Nexlizet Disease Interactions

Ezetimibe is partially metabolized in the liver. After a single 10 mg dose, the mean area under the plasma concentration-time curve (AUC) for total ezetimibe was increased approximately 1.7-fold, 3- to 4-fold, and 5- to 6-fold, in patients with mild (Child-Pugh score 5 to 6), moderate (Child-Pugh score 7 to 9), and severe hepatic impairment (Child-Pugh score 10 to 15), respectively, compared to healthy subjects. Due to the unknown effects of increased exposure to ezetimibe in patients with moderate or severe hepatic impairment, therapy with ezetimibe is not recommended in these patients. The combination of ezetimibe with a statin is contraindicated in patients with active liver disease or unexplained persistent elevations in hepatic transaminase levels.

Bempedoic acid has not been studied in patients with severe hepatic impairment (Child-Pugh C), therefore, caution is advised if used in these patients. No dosage adjustment is needed in patients with mild or moderate hepatic impairment (Child-Pugh A or B).

Bempedoic acid can elevate serum uric acid. Caution is advised in patients with a history of gout. Assess uric acid levels periodically and monitor any signs or symptoms of hyperuricemia.

There is limited experience with the use of bempedoic acid in patients with severe renal impairment, and the drug has not been studied in patients with end-stage renal disease (ESRD) receiving dialysis. Caution is advised if used in these patients.

Bempedoic acid has been associated with an increased risk of tendon rupture or injury. Ruptures involving the rotator cuff, biceps, or Achilles tendon have been reported. Risk increases in patients over 60, those on corticosteroid or fluoroquinolone treatment, patients with renal failure, and patients with previous tendon disorders. Consider an alternative therapy in patients with a history of tendon disorders or rupture.
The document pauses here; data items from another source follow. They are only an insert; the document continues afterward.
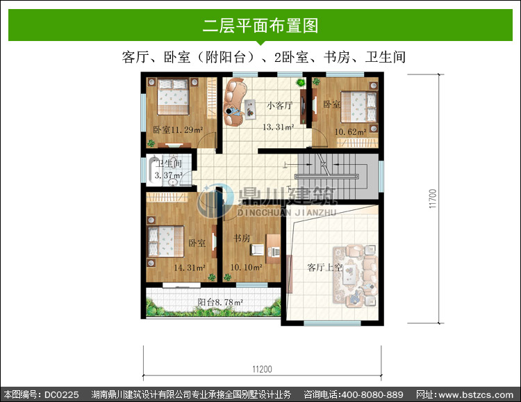 | 二 層: | 客廳、臥室(附陽臺)、2臥室、書房、衛(wèi)生間 | |||
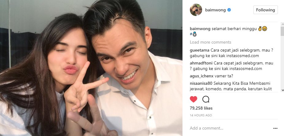 Mengetahui hal itu, netizen pun menjadi heboh. "Cieeee ada cincinnya @baimwong," kata netizen dengan tertawa. "Ohh uda dipakein cincin? Bentar lagi dong," kata lainnya. "Ciee hast tagenya kak @baimwong," timpal lainnya.
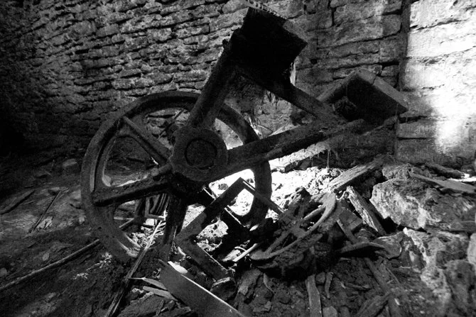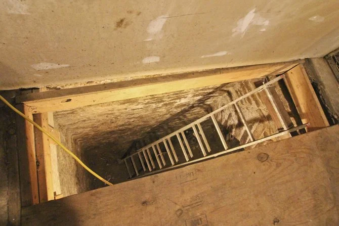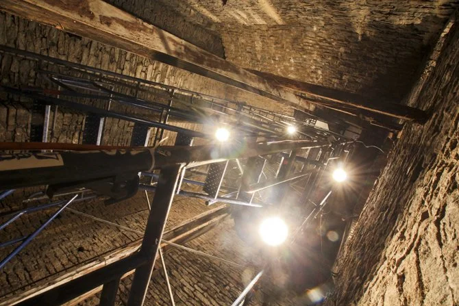 The temporary metal stairs were retrofitted into an elevator shaft, the mechanical remains of which could be found on the floor.

Discontinue treatment if rupture of a tendon occurs or consider discontinuation if the patient experiences joint pain, swelling, or inflammation.

Myopathy and rhabdomyolysis are known adverse reactions to statins and other lipid-lowering drugs. In post-marketing experience with ezetimibe, cases of myopathy and rhabdomyolysis have been reported. Most patients who developed rhabdomyolysis were taking a statin prior to initiating ezetimibe. However, rhabdomyolysis has been reported with ezetimibe monotherapy and with the addition of ezetimibe to agents known to be associated with increased risk of rhabdomyolysis, such as fibrates. In the presence of muscle symptoms and a CPK level >10 × the ULN indicative of myopathy, ezetimibe and any statin or fibrate that the patient is taking concomitantly should be immediately discontinued if myopathy is diagnosed or suspected.

No dosage adjustment of ezetimibe is necessary in patients with renal impairment. However, when ezetimibe therapy is given in combination with simvastatin in patients with moderate to severe renal impairment (estimated glomerular filtration rate <60 mL/min/1.73 m2), doses of simvastatin exceeding 20 mg should be used with caution and close monitoring is recommended.